We’re approaching the 10th anniversary of Shelby v. Holder, which stripped the VRA of preclearance and now we await the decision of Milligan v. Merrill which could possibly strip the vehicle of accountability for voter access and representation through Section 2. By the time we reach the 60th anniversary of the Selma Bridge crossing, we may very well be commemorating something that has less power as a federal protection and can no longer ensure our access to the ballot.
What I find most challenging in these times are the attempts by state legislators in Alabama and throughout the South to further disenfranchise Black Southerners. Legislation such as HB 7 in Alabama, which prohibits state agencies, local school boards, and public institutions of higher education from promoting, endorsing, or affirming certain divisive concepts related to race, sex, and religion. This type of bill threatens to erase the history of activism and protest that made voting possible.
Additionally, states such as Mississippi are battling legislation like HB 1020, a move to take voting power, political power, and tax revenue away from the majority Black citizens of Jackson. The legislation illegally empowers Judges appointed by the Chief Justice of the Mississippi Supreme Court and prosecutors appointed by the state attorney general to oversee criminal and civil cases in Jackson.
This fight beckons us to be arm-in-arm, to lean on one another, to organize with our neighbors, and to see that our future is one of hope.
The efforts to codify white supremacy in 2023 are not surprising. We are seeing these attempts regionally and nationwide. Still, I remain hopeful for the vision ahead and the shoulders we stand on.

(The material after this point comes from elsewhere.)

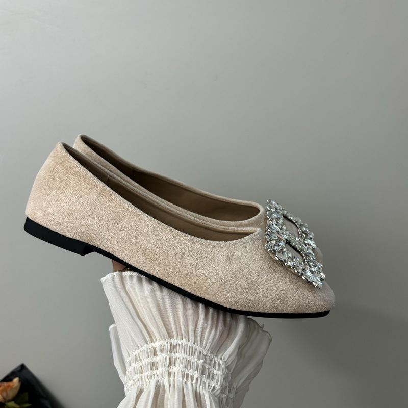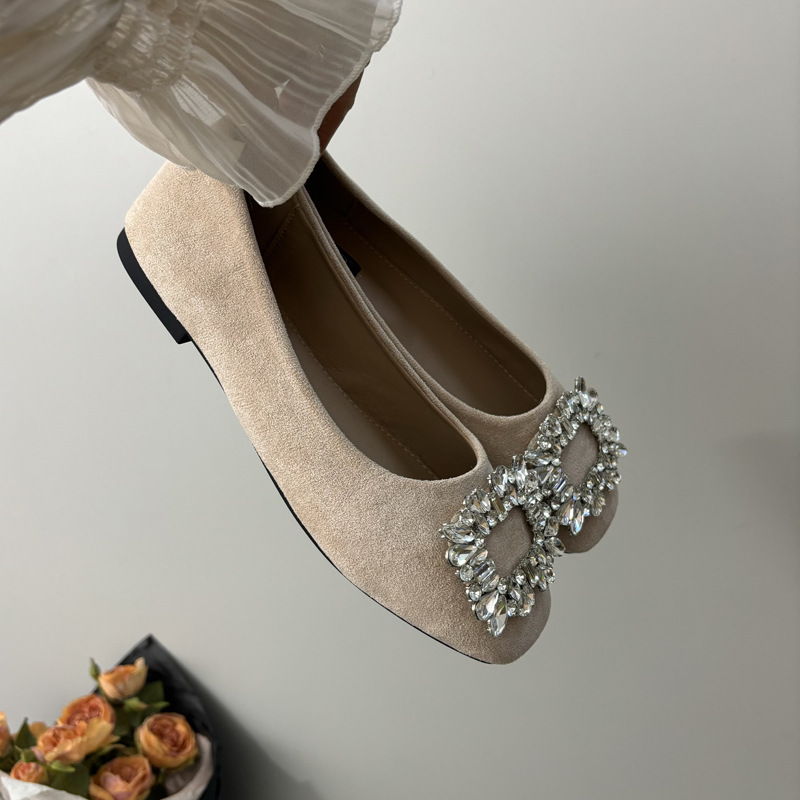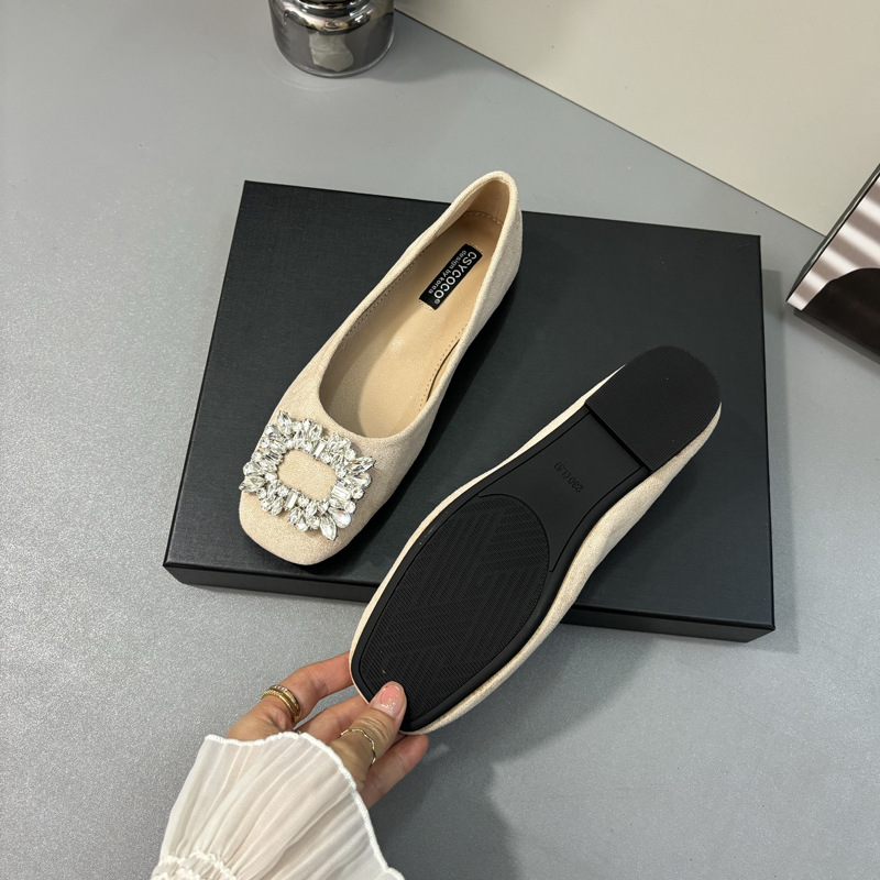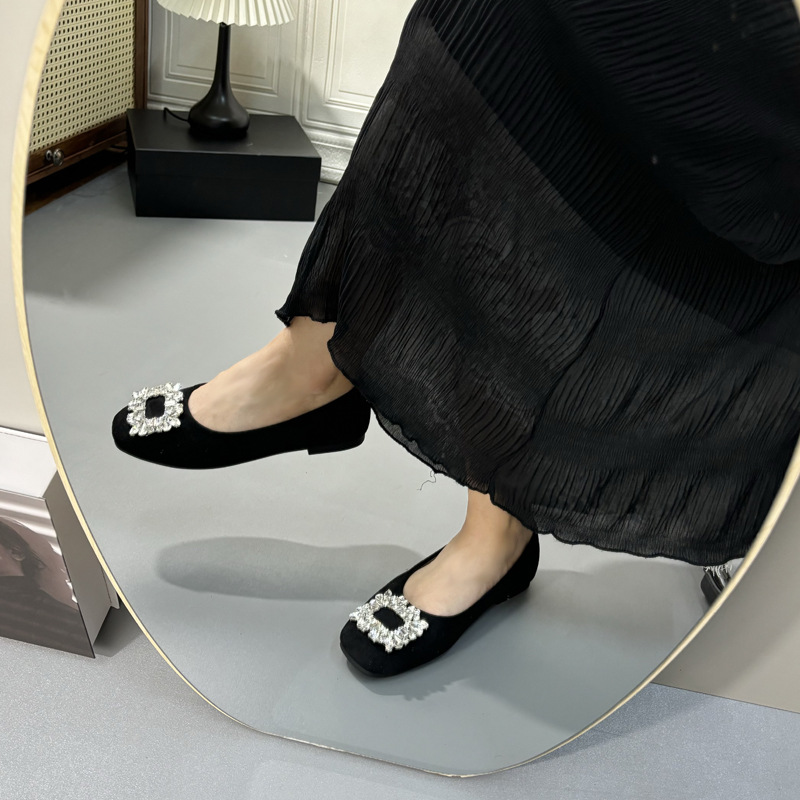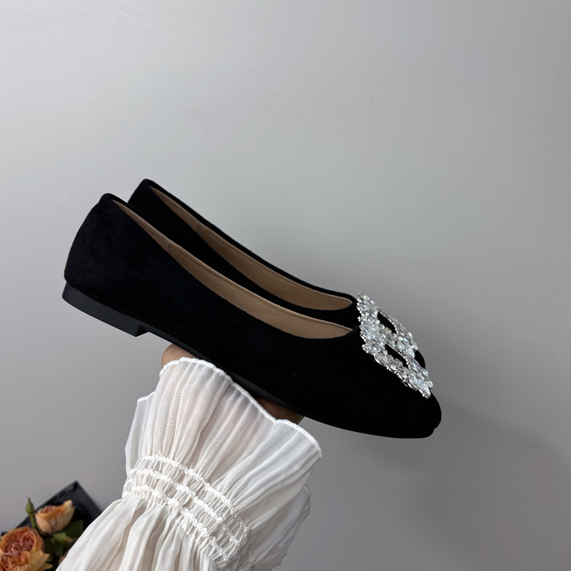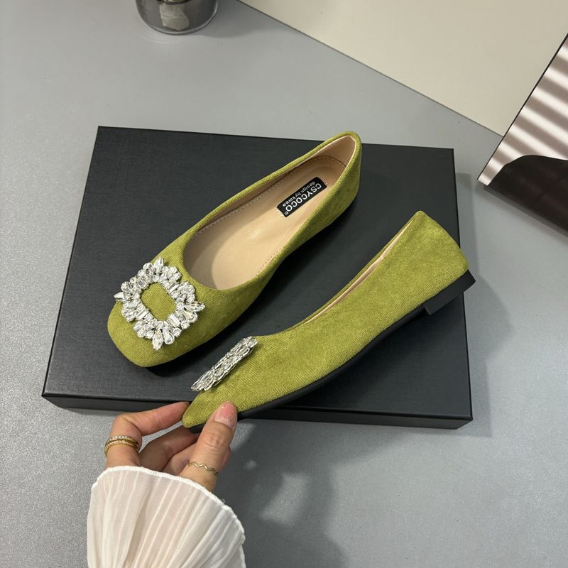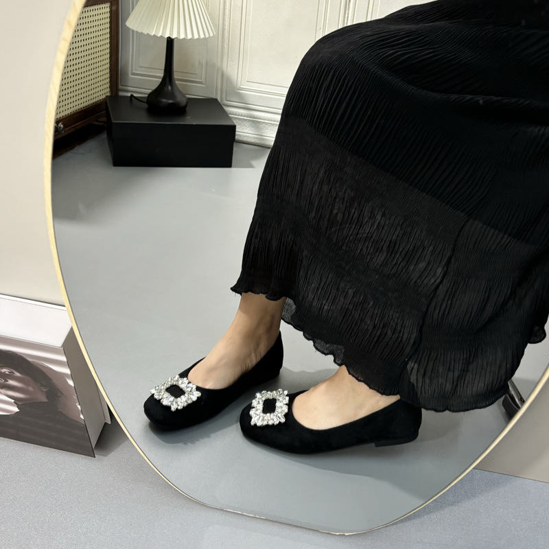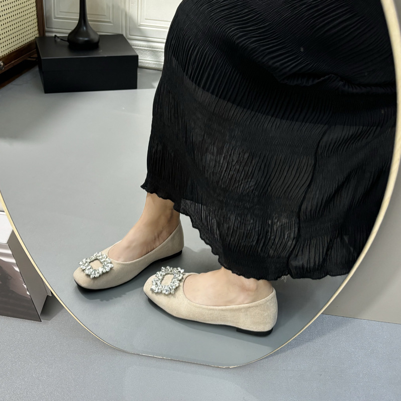 라인스톤 사각 버클 플랫 프렌치 스타일 여성화 2026 봄 심플하고 세련된 슬립온 다용도 워크 슈즈

The attempt to dismantle the Voting Rights Act piece-by-piece will not stop the much longer march toward justice. Our right to vote has never been solely advocated for by the courts, nor by Congress. The right to vote was fought for by the people. The fight came from communities that cared about their future. The fight came from people that didn’t accept brokenness. Our communities then, and now, understand that the fight to uphold our civil rights is a daily pursuit.
This fight beckons us to be arm-in-arm, to lean on one another, to organize with our neighbors, and to see that our future is one of hope. One where we demand equal access and resources for all.